Hi…..

beach

Hey Dani.

What you wrote sounds interesting in several ways.  I like how the jewel becomes embedded in something else (the way I see moments or experiences embedded in the layers that make up our lives).  I also like how you have made the jewel inaccessible (I have always loved that about jewellery—in the way that it becomes non-jewellery or an object, blurring the lines between things and smudging them like a charcoal drawing).  I could probably write a lot more here and I think I will stop (too much information is not necessary).

I have also been ‘thinking’ about what to make.  I move in very small thought circles (reflection, fire, mirror, illusion, last piece, no more jewellery, what do I make?, mirror, reflection, maybe silk, transformation, silk, cocoon, phoenix, red thread, moth, silk, cycles, ending, beginning, jewellery…..just to give you some idea).  This time is very strange.  I am cleaning out things, my work area, old stuff, throwing bags and bags of old stuff away, taking old jewellery apart, really going into it, the dismantling of the last 10 years of my life to prepare for the new cycle that is starting now.  And by going into the things I also manage to move into the energy within myself, cleansing and clearing, that is why I have to do this slowly (step by step, no rush), and it feels thick and heavy.
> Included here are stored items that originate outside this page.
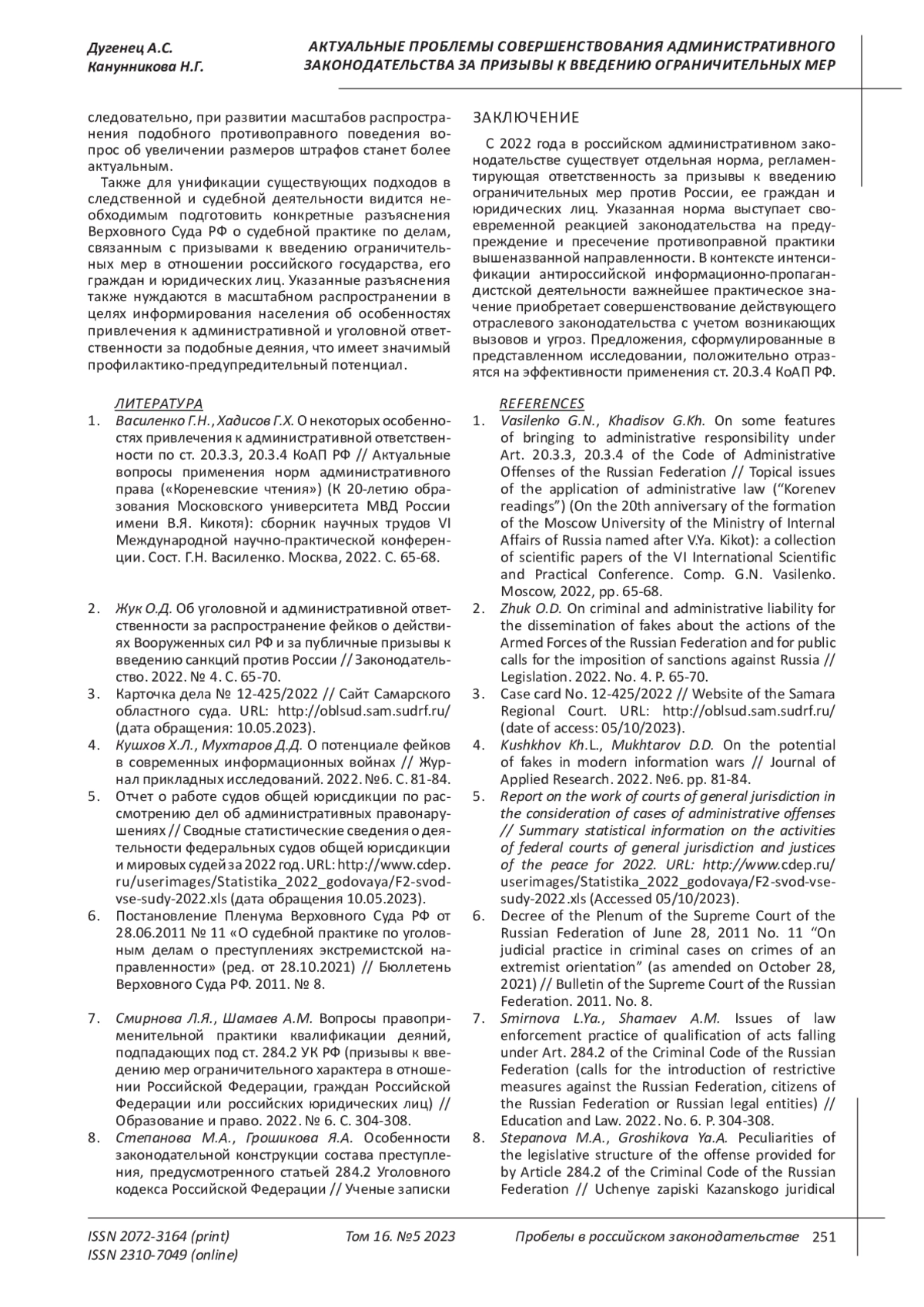 7. Смирнова Л.Я., Шамаев А.М. Вопросы правоприменительной практики квалификации деяний, подпадающих под ст. 284.2 УК РФ (призывы к введению мер ограничительного характера в отношении Российской Федерации, граждан Российской Федерации или российских юридических лиц) // Образование и право. 2022. № 6. С. 304-308. EDN: CBZBOX
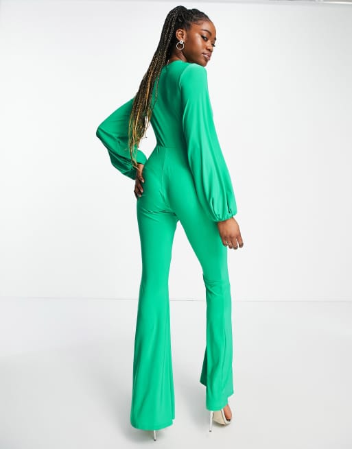ASOS DESIGN glam plunge tie front jumpsuit in slinky in green
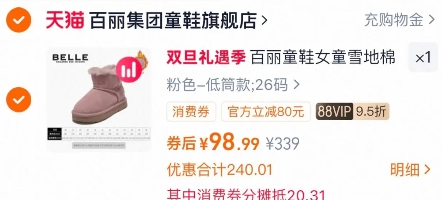 在售价339元,领80元券+44.75元礼金,商品页右上角三个点点进去-底部淘金币点进去-淘金币 我的足迹页拍,叠淘金币,叠凑单一起,折主商品98元;
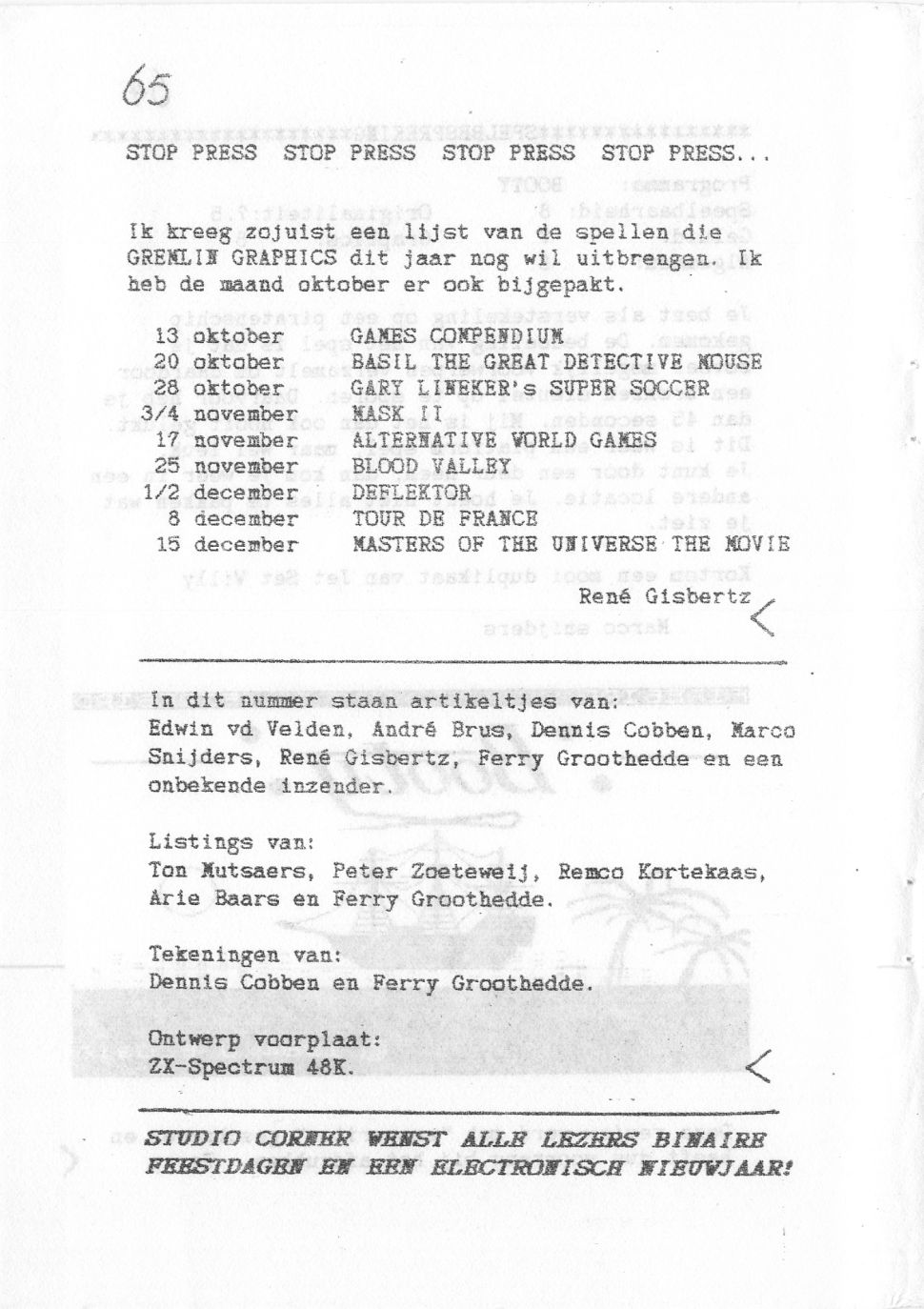 Magazine : Het Computerblad SPECTRUM (Dutch) Issue : 11 Page : 66 Date: Volume: 1 Medium : Paper Updated On : 2020-06-04 03:04:47 Hi-res : No 12...62636465666768
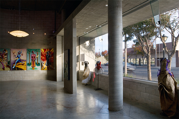 The first-floor commercial space was used to exhibit art work shortly after the building opened (courtesy of Kelly Barrie, Panic Studio LA).
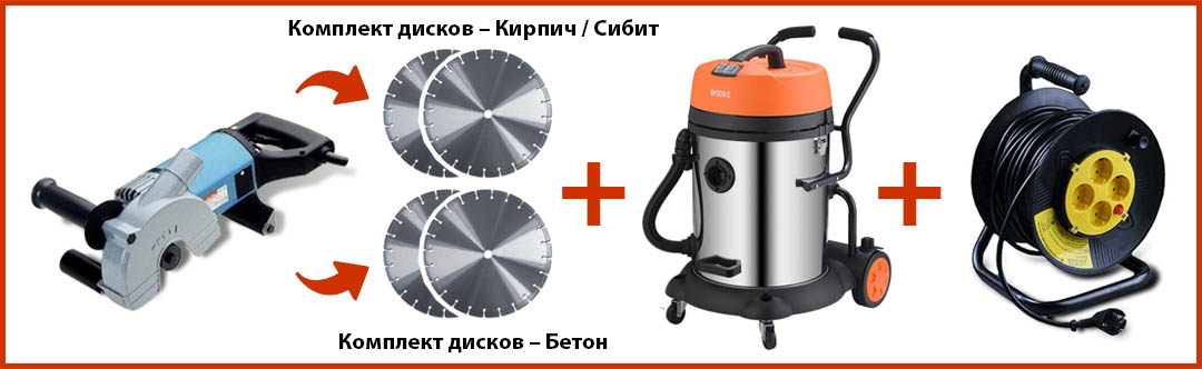 С этим оборудованием дополнительно необходимо взять диски для штроборезов
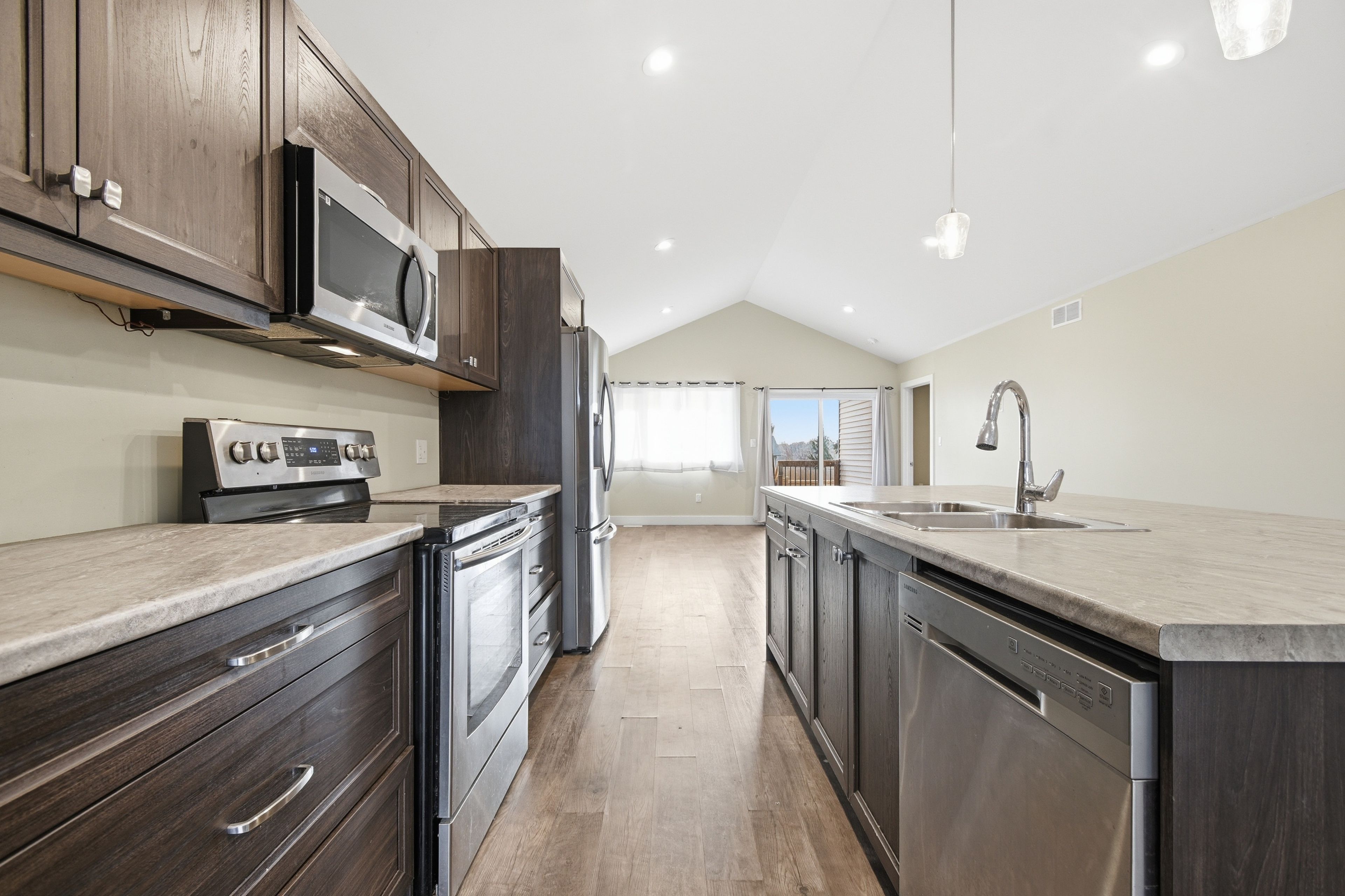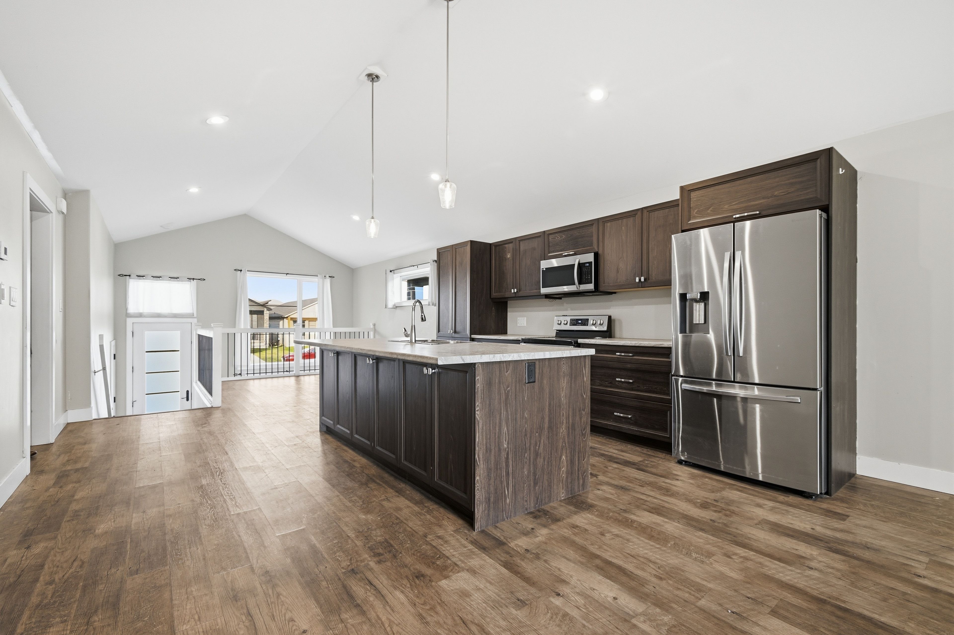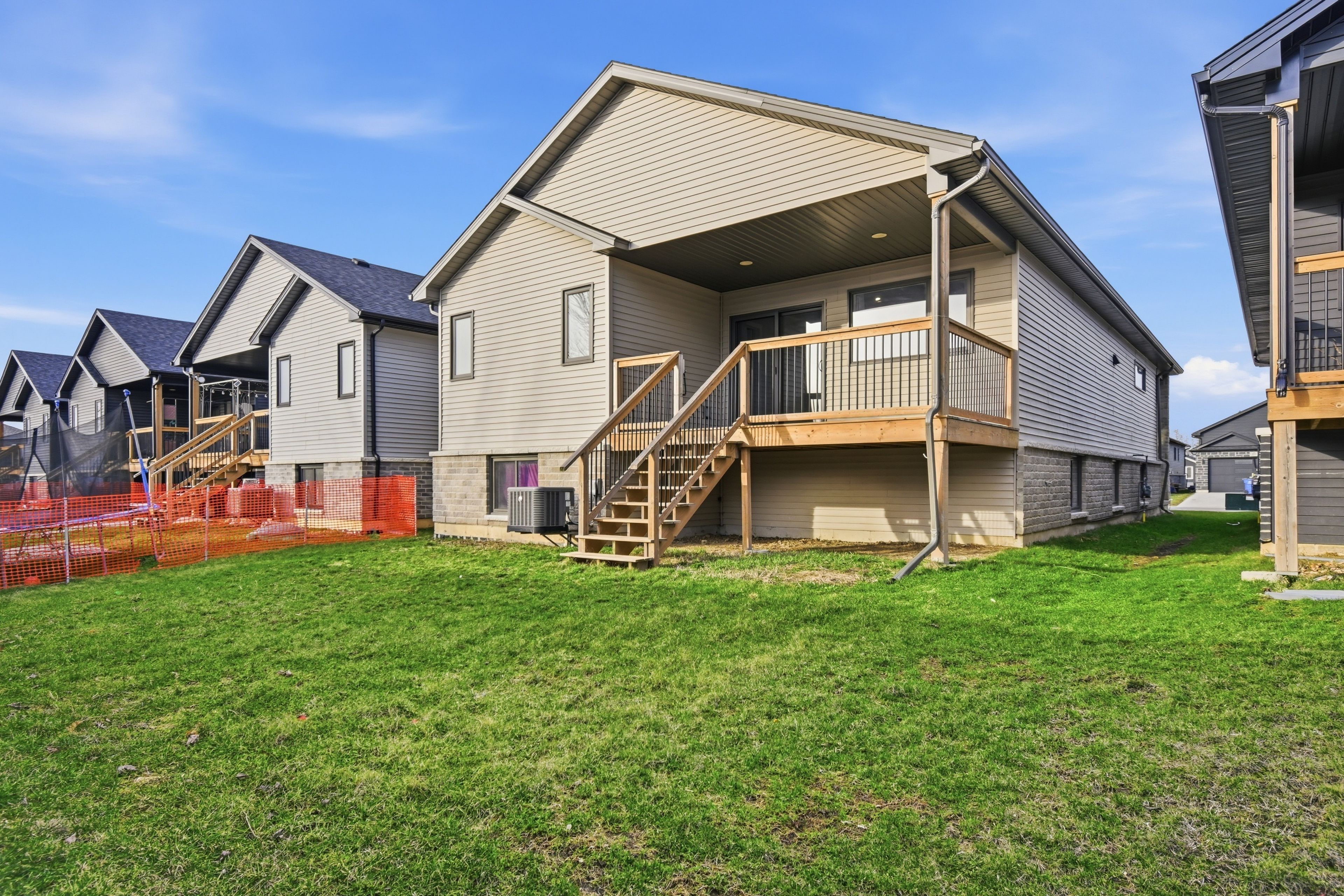 **modern raised ranch built in 2022** welcome to this bright and thoughtfully designed bungalow offering open-concept living, with vaulted ceilings & premium layout, modern finishes, and excellent potential with an unfinished basement. **open-concept main level with vaulted ceilings** enjoy a sun-filled living room with a large front window and seamless walk-out to a wooden deck with covered porch - perfect for relaxing or entertaining. The central kitchen features a large island, stainless steel appliances including fridge, stove, built-in microwave, and dishwasher, flowing into a spacious eat-in area with vaulted ceilings and vinyl flooring. The primary bedroom offers a walk-in closet and a private 3pc ensuite with a standing shower. Two additional bedrooms with closets and vinyl flooring are serviced by a 4pc main bathroom. Functional layout and natural light make this home ideal for comfortable everyday living.**unfinished lower level- endless potential** the basement features high ceilings, large windows, and a utility room with tankless hot water heater, offering a great opportunity to create additional living space, recreation areas, or an in-law suite tailored to your needs.**great outdoor space & family-friendly setting** the property includes a double front driveway, single-car garage, and a backyard with covered porch and wooden deck - ideal for outdoor enjoyment. Located in a growing chatham community, close to amenities, schools, and parks. A fantastic opportunity for buyers seeking modern bungalow living with room to grow.

But I will make something and I still think that the points we came across are still very relevant.  I am also keeping in mind your charcoal, the dirty-ness, the hidden because it would still be interesting for the work to complement each other, somehow connect.  Up until now I thought about making a ceramic phoenix brooch connected to a mirror brooch (two brooches connected, one representing rebirth and the other reflection).  Then I thought about burning old stuff and using that has a patination on a structure of a brooch, making the wearer dirty.  And lastly I thought about taking a lot of small elements from the past 10 years and placing them together in a piece to represent the work cycle I am now ending (my only concern with this is that I think this piece might look ugly and I have a problem with that because I am probably too vain and my ego won’t allow it (so maybe I should try this!!!!)).